### THE INPUT
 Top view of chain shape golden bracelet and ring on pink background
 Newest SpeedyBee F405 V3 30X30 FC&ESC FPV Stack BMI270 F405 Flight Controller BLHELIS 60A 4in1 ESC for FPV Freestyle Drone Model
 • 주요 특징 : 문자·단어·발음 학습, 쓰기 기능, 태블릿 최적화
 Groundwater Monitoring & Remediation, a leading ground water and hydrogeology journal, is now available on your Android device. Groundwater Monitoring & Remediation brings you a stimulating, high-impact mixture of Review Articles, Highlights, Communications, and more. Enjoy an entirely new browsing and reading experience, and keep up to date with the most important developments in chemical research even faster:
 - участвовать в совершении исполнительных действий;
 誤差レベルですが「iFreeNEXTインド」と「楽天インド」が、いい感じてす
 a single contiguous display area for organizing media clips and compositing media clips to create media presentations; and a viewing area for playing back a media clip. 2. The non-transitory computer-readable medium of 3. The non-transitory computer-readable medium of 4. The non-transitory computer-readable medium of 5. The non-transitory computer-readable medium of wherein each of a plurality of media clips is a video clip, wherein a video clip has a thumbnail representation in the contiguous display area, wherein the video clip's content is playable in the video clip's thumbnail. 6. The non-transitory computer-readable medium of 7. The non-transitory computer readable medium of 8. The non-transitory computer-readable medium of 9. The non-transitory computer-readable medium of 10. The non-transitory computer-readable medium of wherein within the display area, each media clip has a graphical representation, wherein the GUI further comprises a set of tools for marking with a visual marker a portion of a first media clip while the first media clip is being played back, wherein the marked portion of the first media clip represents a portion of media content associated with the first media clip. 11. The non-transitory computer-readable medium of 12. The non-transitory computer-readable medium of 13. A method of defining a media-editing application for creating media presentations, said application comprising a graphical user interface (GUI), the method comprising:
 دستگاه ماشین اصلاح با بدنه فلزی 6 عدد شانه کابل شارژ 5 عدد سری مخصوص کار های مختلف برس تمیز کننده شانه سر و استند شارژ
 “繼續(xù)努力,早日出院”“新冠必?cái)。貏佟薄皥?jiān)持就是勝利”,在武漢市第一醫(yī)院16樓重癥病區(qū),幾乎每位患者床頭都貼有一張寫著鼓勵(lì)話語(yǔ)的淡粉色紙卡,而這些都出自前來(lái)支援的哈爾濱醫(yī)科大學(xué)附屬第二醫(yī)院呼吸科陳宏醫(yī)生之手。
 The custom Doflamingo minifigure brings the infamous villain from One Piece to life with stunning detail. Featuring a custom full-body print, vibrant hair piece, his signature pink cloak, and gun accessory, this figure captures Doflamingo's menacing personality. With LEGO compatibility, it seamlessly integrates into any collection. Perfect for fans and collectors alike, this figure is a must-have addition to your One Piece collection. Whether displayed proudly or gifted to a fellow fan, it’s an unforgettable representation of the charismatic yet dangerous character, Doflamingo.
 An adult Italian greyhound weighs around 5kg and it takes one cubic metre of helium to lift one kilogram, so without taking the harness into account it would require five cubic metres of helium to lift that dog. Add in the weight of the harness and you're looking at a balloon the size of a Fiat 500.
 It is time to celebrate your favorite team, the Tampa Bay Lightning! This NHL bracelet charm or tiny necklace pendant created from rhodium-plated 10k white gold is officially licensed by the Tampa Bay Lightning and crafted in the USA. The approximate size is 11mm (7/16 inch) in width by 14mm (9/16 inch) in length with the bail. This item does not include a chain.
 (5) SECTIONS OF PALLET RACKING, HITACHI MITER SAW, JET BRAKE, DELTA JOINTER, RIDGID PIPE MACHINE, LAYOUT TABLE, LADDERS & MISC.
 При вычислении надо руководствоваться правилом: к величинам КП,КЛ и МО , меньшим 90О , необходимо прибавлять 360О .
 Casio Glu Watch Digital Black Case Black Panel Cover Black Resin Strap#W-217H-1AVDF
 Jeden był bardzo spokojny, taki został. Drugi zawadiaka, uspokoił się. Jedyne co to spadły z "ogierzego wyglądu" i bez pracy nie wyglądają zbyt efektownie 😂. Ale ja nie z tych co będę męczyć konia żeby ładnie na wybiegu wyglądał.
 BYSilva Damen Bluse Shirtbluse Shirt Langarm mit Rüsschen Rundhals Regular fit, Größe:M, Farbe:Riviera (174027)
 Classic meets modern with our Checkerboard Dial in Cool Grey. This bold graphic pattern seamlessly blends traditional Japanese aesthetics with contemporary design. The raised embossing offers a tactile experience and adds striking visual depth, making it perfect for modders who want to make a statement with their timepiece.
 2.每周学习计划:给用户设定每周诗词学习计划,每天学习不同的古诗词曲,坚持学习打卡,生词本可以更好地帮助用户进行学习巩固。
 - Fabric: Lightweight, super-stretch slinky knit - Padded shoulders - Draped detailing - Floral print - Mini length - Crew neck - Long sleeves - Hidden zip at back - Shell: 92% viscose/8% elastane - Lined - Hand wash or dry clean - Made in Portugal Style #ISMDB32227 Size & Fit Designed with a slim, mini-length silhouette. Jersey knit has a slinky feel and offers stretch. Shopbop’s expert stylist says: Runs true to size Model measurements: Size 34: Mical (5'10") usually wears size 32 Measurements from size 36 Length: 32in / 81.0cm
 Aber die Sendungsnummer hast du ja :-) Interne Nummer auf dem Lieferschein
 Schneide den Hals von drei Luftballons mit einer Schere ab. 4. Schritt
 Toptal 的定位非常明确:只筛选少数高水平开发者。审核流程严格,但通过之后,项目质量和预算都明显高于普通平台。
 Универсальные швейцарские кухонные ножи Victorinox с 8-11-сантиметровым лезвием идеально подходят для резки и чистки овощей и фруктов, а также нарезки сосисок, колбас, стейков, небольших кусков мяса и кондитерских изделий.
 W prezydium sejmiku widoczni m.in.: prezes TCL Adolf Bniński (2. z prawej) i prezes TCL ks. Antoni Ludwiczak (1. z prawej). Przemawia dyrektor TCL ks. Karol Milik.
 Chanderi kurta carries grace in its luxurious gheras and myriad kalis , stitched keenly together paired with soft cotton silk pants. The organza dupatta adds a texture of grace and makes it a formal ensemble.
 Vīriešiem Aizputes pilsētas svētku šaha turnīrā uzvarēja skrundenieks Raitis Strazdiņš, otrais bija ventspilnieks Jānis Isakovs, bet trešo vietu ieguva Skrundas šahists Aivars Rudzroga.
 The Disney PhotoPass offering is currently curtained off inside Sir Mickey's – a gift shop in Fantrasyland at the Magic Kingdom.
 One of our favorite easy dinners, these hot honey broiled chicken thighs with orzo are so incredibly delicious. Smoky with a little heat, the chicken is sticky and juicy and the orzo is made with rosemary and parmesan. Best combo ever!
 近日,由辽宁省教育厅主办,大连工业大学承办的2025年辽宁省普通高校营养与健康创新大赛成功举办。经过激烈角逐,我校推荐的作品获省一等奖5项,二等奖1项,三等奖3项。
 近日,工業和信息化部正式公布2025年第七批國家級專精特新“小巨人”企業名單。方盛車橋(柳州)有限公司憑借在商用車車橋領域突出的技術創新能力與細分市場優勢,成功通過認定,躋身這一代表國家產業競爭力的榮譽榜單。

### TASK DIRECTIONS
Could you transcribe the entries above word for word, from the line with "Универсальные швейцарские кухонные" down to the line with "One of our favorite", keeping both?

### EXERCISE ANSWER
 Универсальные швейцарские кухонные ножи Victorinox с 8-11-сантиметровым лезвием идеально подходят для резки и чистки овощей и фруктов, а также нарезки сосисок, колбас, стейков, небольших кусков мяса и кондитерских изделий.
 W prezydium sejmiku widoczni m.in.: prezes TCL Adolf Bniński (2. z prawej) i prezes TCL ks. Antoni Ludwiczak (1. z prawej). Przemawia dyrektor TCL ks. Karol Milik.
 Chanderi kurta carries grace in its luxurious gheras and myriad kalis , stitched keenly together paired with soft cotton silk pants. The organza dupatta adds a texture of grace and makes it a formal ensemble.
 Vīriešiem Aizputes pilsētas svētku šaha turnīrā uzvarēja skrundenieks Raitis Strazdiņš, otrais bija ventspilnieks Jānis Isakovs, bet trešo vietu ieguva Skrundas šahists Aivars Rudzroga.
 The Disney PhotoPass offering is currently curtained off inside Sir Mickey's – a gift shop in Fantrasyland at the Magic Kingdom.
 One of our favorite easy dinners, these hot honey broiled chicken thighs with orzo are so incredibly delicious. Smoky with a little heat, the chicken is sticky and juicy and the orzo is made with rosemary and parmesan. Best combo ever!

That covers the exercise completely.